I just checked out the VG mag site, and someone needs to tell them that they've mis-spelled "Gretsch" in the article's title!

4

Actually that article helped to ferret-out yet another of the rare prototypical 2-tone Gents. The earliest example, noted in the article is from the #233xx batch. This newly discovered guitar was a little later, and the one the article featured was the first serial number from the debut production batch (#26400). The two earlier specimens both have plugged holes on the respective guitar's top... evidence of experiments with knob placement. The knobs are still in different positions when comparing the (now three) guitars. The #264xx guitar has no plugged holes in it's top, and was perhaps the result of the previous experimental examples. My guess is there are a couple more of these out there, based on some word of mouth legend of one sighted with the faux f-holes at one point. These are really cool, and provide insight into the Gretsch laboratory of guitar development in the late 1950s.

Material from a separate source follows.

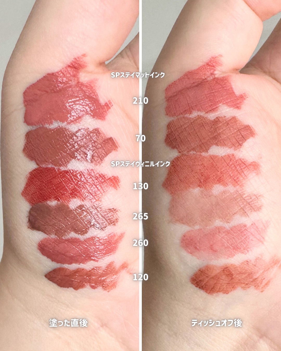 8色入って¥1,078円という、日系プチプラコスメの真骨頂! どのパーソナルカラーにも合う色が発売されているので、色みで悩んでる人が居たら参考にしてくれたら嬉しいです😌 マットタイプも含め大人気ですが、新色含めて購入したので全色レビューを撮りました📷

I just checked out the VG mag site, and someone needs to tell them that they've mis-spelled "Gretsch" in the article's title!

– kc_eddie_b

I wonder if the one with faux holes were the large size of a 6120.

5

Reading your great book Ed the thing that got me was how little Country Gents were made during the late 50's.

But i was just as surprised by the low numbers on a lot of other models too,most interesting .

6

JCHiggy... I agree! I feel like that production info is one of the more valuable deliverables of this book. If you think about it, we've never had production data for Gretsch guitars, and since "value" of a collectible tends to be based on supply vs. demand, it will be interesting to see if we recognize any adjustments in vintage Gretsch values now that we have access to "supply" data.

7

Great article Edward and solid info all around! Thanks for sharing Bear...

8

That was a a good read, thanks bear, Ed

9

I noticed it is written by Ed Ball. Thanks for posting it Bear.

– BuddyHollywood

I'm sorry about forgetting to add that in my initial post. Sorry Ed.

10

Reading your great book Ed the thing that got me was how little Country Gents were made during the late 50's.

But i was just as surprised by the low numbers on a lot of other models too,most interesting .

– JCHiggy

JC,

Yes, that is one of the most important aspects of Mr Ball's recent book i.e. that these instruments are rare.